To assess the performance of the comparison methods and the designed modules, we used three common metrics: PSNR, RMSE, and SSIM. PSNR is a widely adopted metric for evaluating image quality, particularly in tasks like denoising, compression, and compensation. It measures the ratio between the maximum pixel value and the noise (or error) between the original and reconstructed images, with higher values indicating better quality. RMSE quantifies the average magnitude of reconstruction error by computing the square root of the mean squared differences between corresponding pixels. A lower RMSE indicates closer reconstruction to the original image, although it does not fully account for perceptual quality. For this reason, RMSE is often used alongside SSIM, which evaluates structural similarity based on luminance, contrast, and structural information. Unlike PSNR and RMSE, SSIM focuses on perceived image quality, with values ranging from 0 to 1, where 1 indicates perfect structural similarity. A higher SSIM suggests a more faithful reconstruction in terms of human visual perception, offering a more comprehensive measure of image quality.
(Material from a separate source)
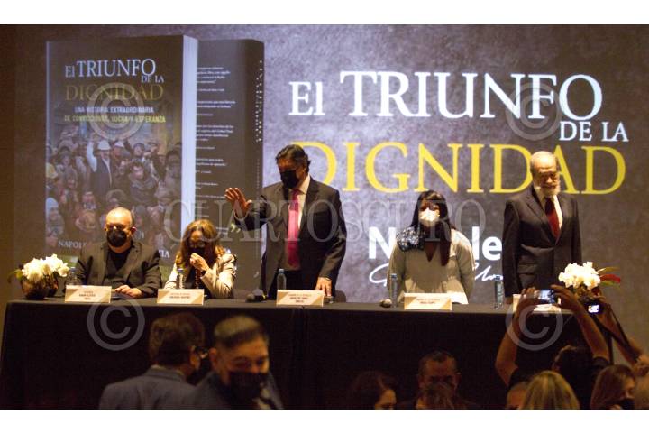 El senador de la república Napoleón Gómez Urrutia, presentó el libro "El triunfo de la dignidad", el cuál refiere a experiencias como el exilio y la lucha. Los periodista San Juana Martínez y Ramón Alberto Garza, así como la senadora Indira Kempins fueron los encargados de realizar la presentación.

4.3.1 Local real surface compensation with CFC dataset.

In this experiment, the training data is obtained based on the CFC dataset, which was projected onto three distinct local real surfaces characterized by their curvature and textural complexity. These surfaces exhibit varying degrees of color saturation, luminosity and geometric distortion. The first surface’s dataset was captured under indoor environmental lighting, while the second and third surfaces were photographed under conditions of low ambient illumination. We compared three full compensation methods—CompenNet++, CompenNeSt++, and IDNet—on these captured images, evaluating their performance through comparative metrics and visual assessment. Table 2 summarizes the test results after training completion for each method, Fig 4 shows the training and testing curves of various methods on different surfaces, and Fig 5 illustrates the visual results of full compensation on real surfaces using different approaches.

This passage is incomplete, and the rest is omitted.